Stored entries:
+ + + + +
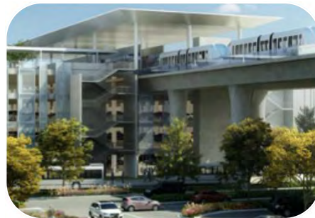
Consolidated Rent-a-Car Facility (ConRac)
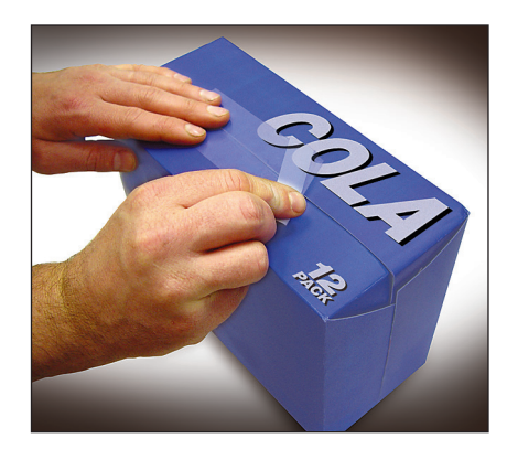
3M™ Packaging Tape Pad 3750P
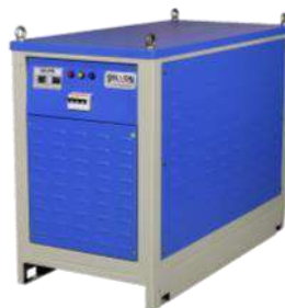
Isolation Transformer 1 KVA - 1200 KVA
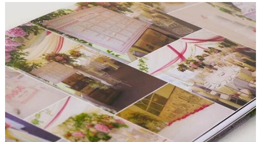
Albums and Photobooks
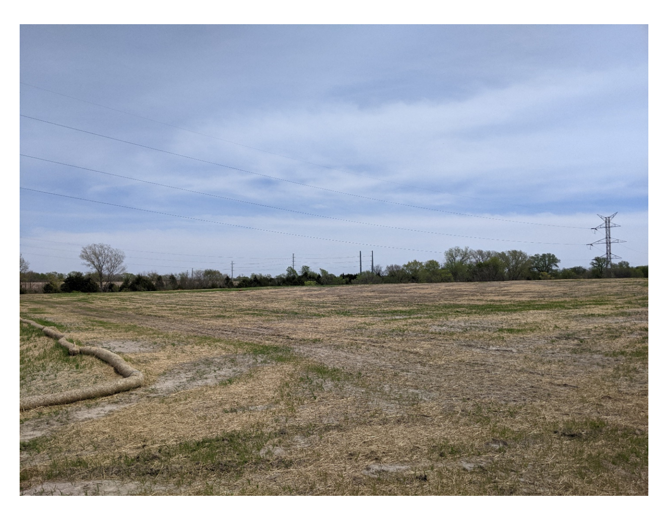
Looking southeast standing at upstream end of Channel 1.
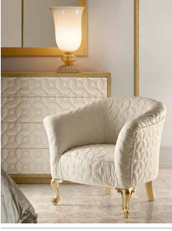
The furniture becomes language to express prestige and luxury.
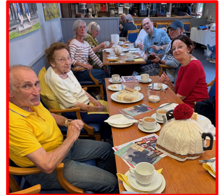
Some of those who attended the 2025 Afternoon Tea
+ + + + +
-- EXERCISE OBJECTIVE --
Repeat the records above word for word, apart from the pictures.

-- EXERCISE SOLUTION --
Consolidated Rent-a-Car Facility (ConRac)
3M™ Packaging Tape Pad 3750P
Isolation Transformer 1 KVA - 1200 KVA
Albums and Photobooks
Looking southeast standing at upstream end of Channel 1.
The furniture becomes language to express prestige and luxury.
Some of those who attended the 2025 Afternoon Tea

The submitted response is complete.